Reproduce the listing that follows in full. Omit its images.

- Data extract
┌────────

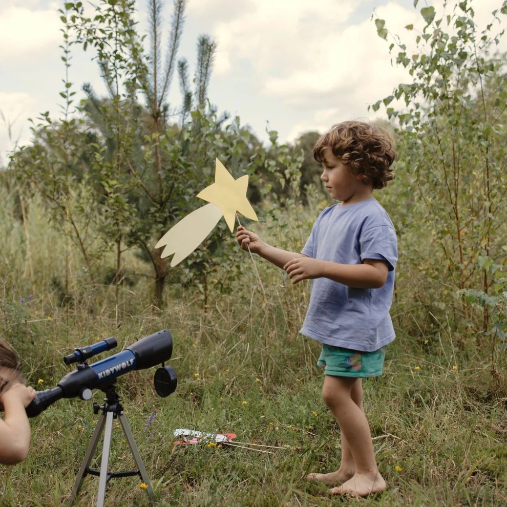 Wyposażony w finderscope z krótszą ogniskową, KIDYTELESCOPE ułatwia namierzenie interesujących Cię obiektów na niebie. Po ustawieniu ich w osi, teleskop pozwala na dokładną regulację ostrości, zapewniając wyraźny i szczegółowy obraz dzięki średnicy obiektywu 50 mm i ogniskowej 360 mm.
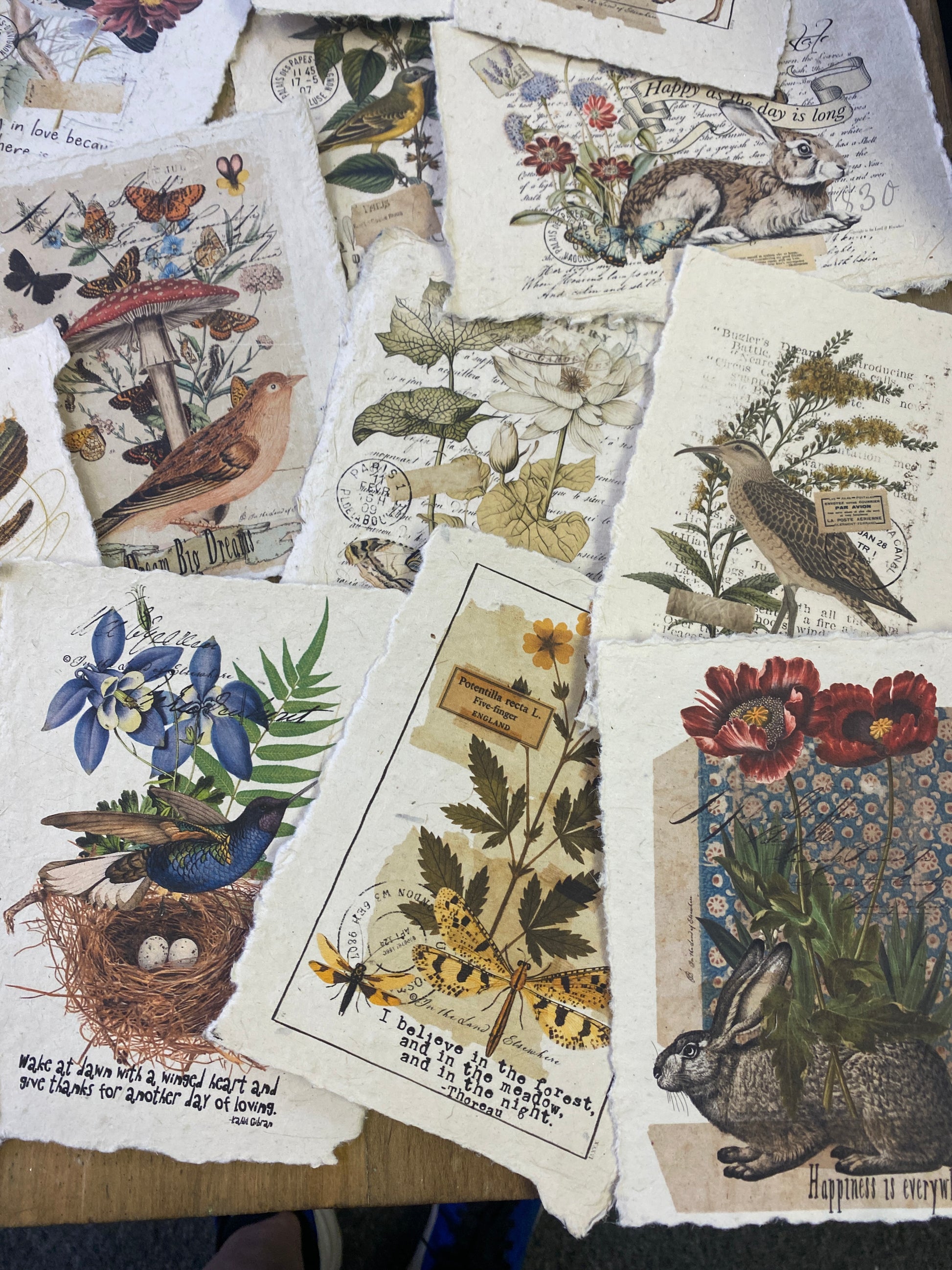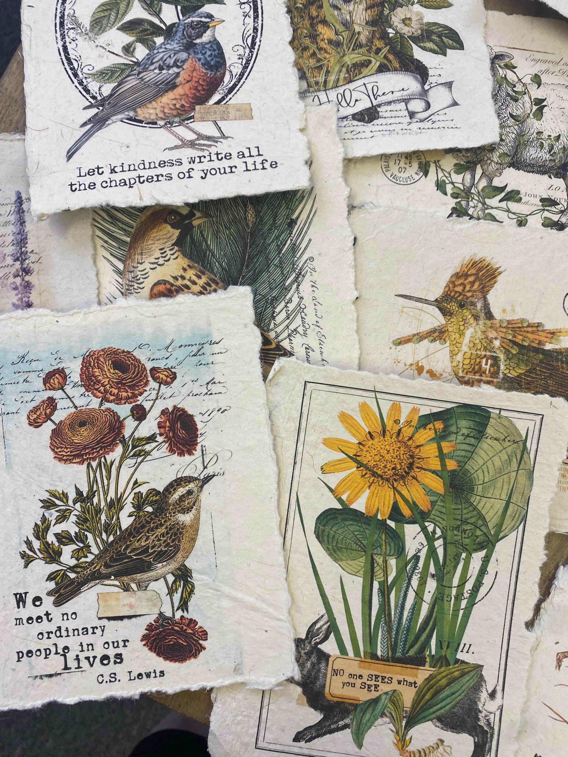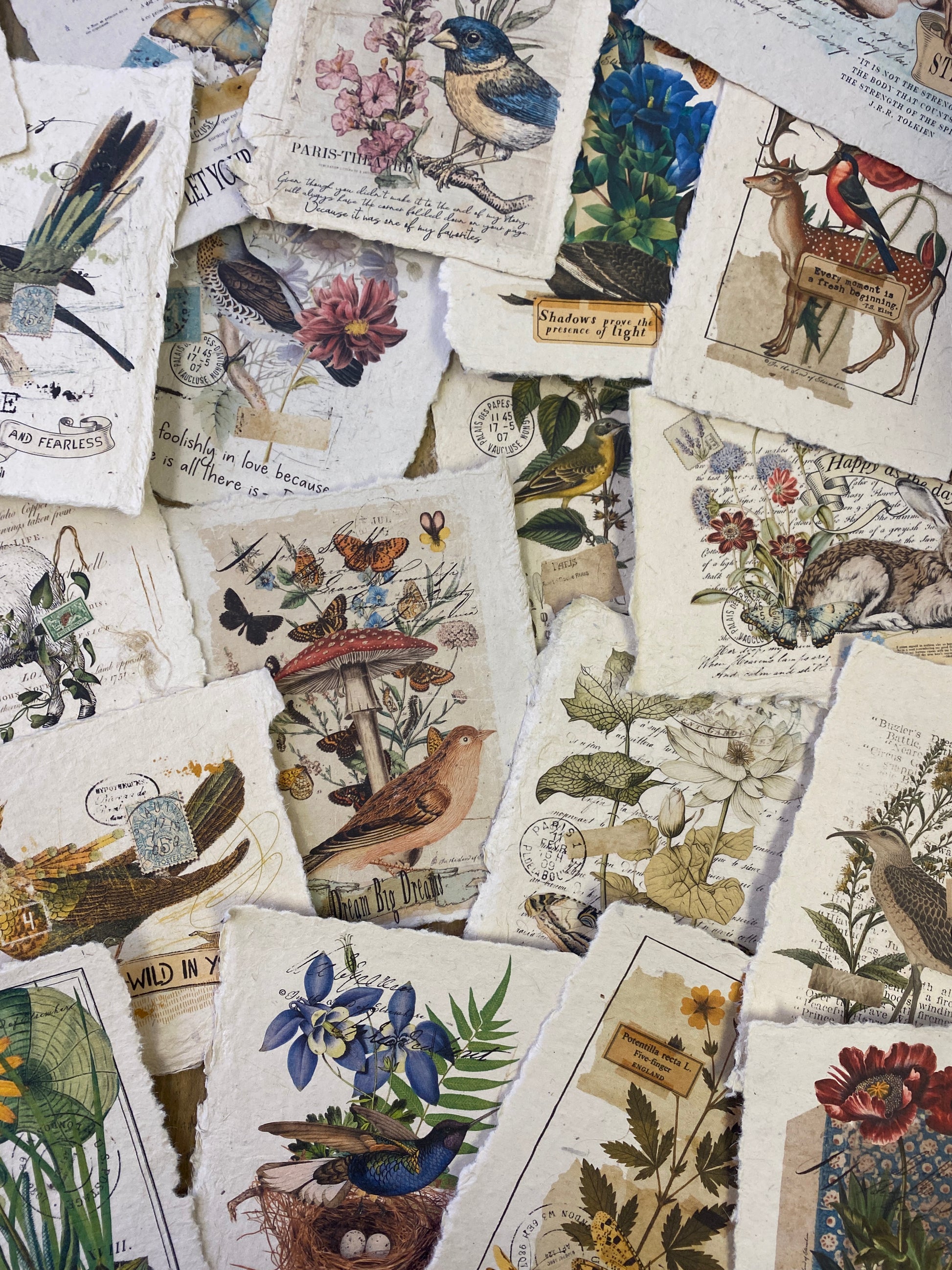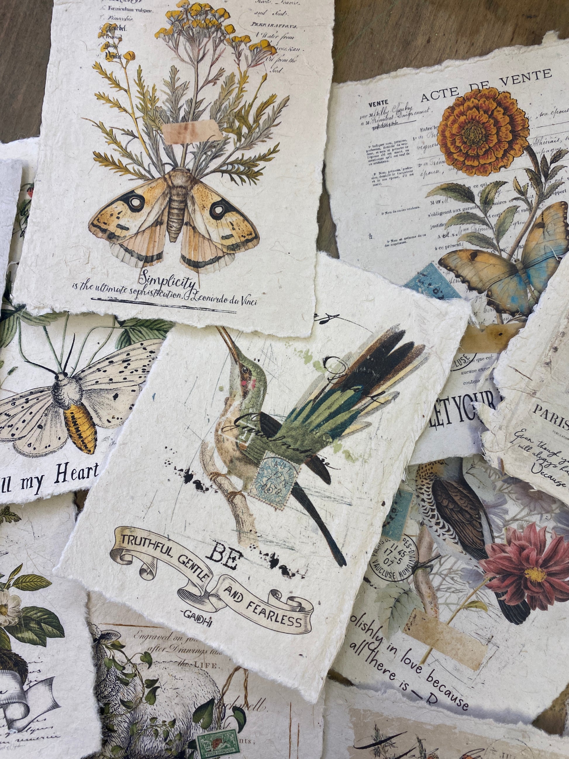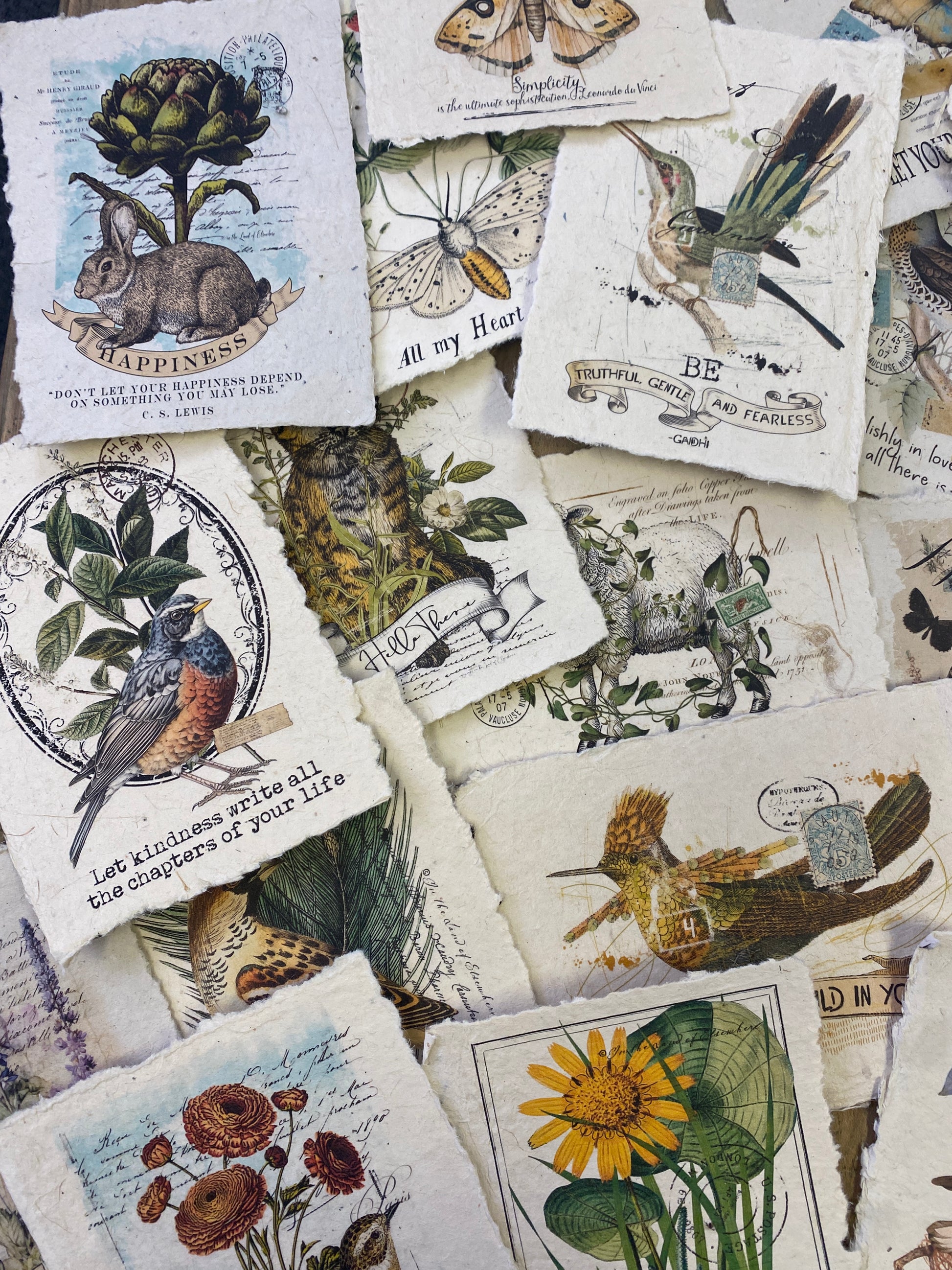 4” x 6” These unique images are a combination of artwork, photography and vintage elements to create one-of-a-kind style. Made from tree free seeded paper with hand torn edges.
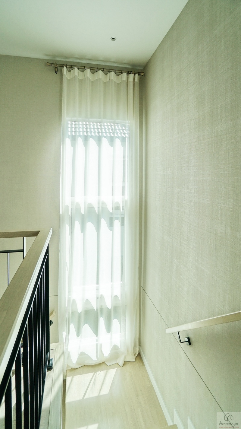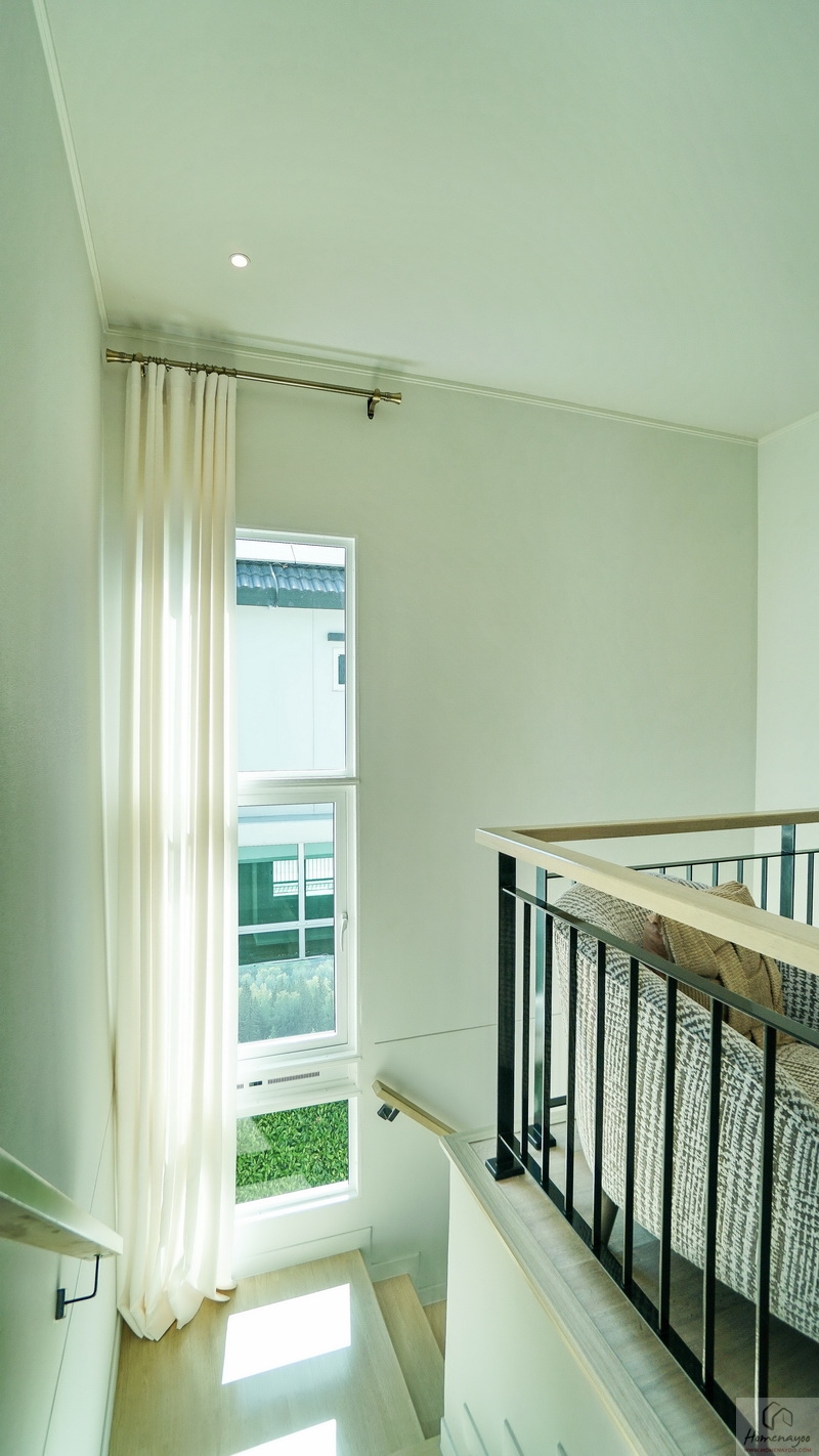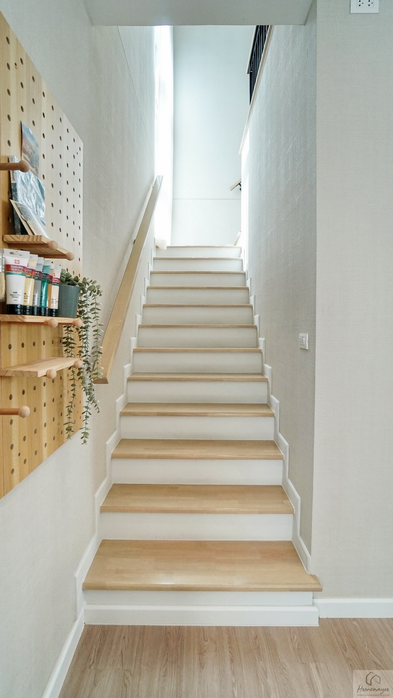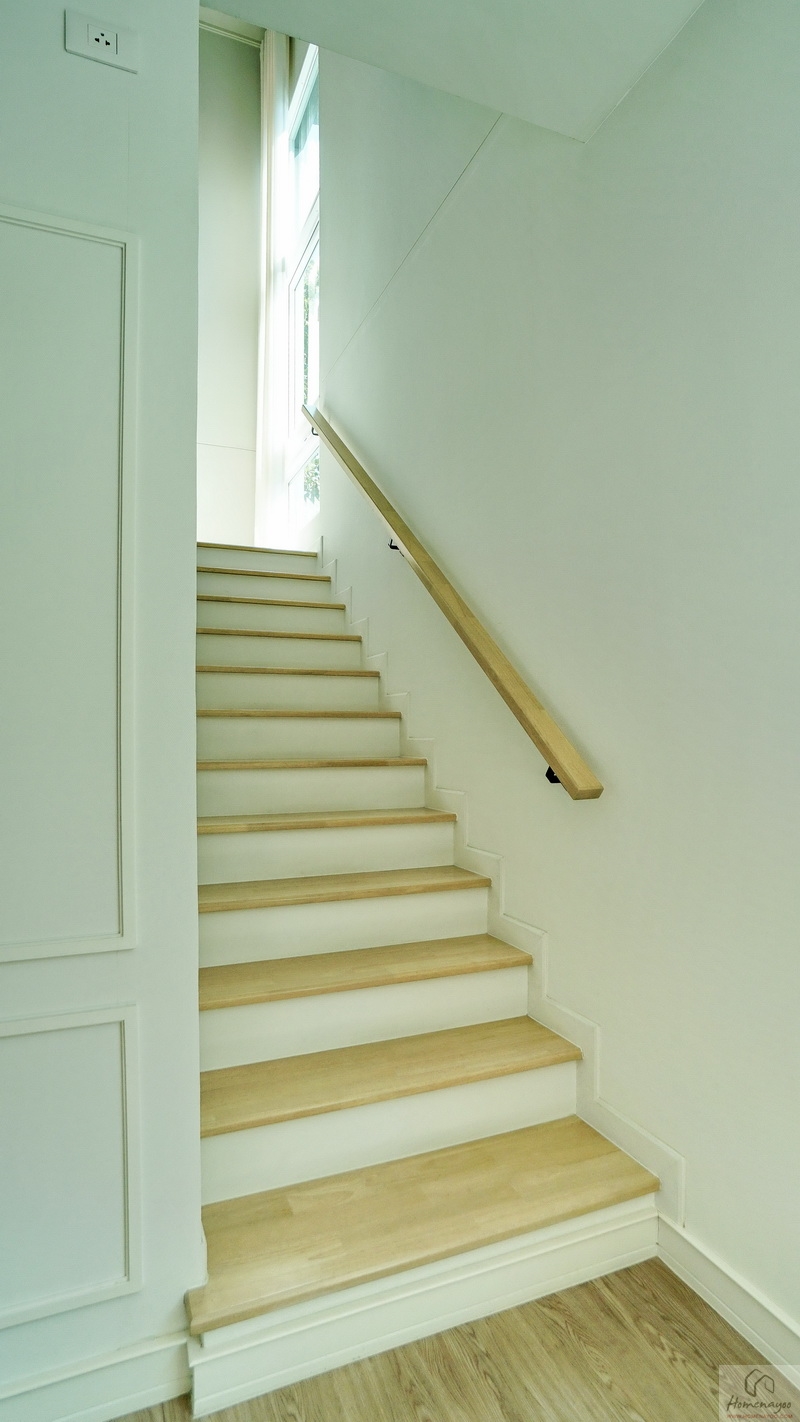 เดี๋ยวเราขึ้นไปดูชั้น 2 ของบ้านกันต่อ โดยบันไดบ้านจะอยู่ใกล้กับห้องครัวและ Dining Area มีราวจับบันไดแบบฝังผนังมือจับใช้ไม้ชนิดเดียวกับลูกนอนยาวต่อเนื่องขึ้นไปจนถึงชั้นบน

└────────

- Answer
 Wyposażony w finderscope z krótszą ogniskową, KIDYTELESCOPE ułatwia namierzenie interesujących Cię obiektów na niebie. Po ustawieniu ich w osi, teleskop pozwala na dokładną regulację ostrości, zapewniając wyraźny i szczegółowy obraz dzięki średnicy obiektywu 50 mm i ogniskowej 360 mm.
 4” x 6” These unique images are a combination of artwork, photography and vintage elements to create one-of-a-kind style. Made from tree free seeded paper with hand torn edges.
 เดี๋ยวเราขึ้นไปดูชั้น 2 ของบ้านกันต่อ โดยบันไดบ้านจะอยู่ใกล้กับห้องครัวและ Dining Area มีราวจับบันไดแบบฝังผนังมือจับใช้ไม้ชนิดเดียวกับลูกนอนยาวต่อเนื่องขึ้นไปจนถึงชั้นบน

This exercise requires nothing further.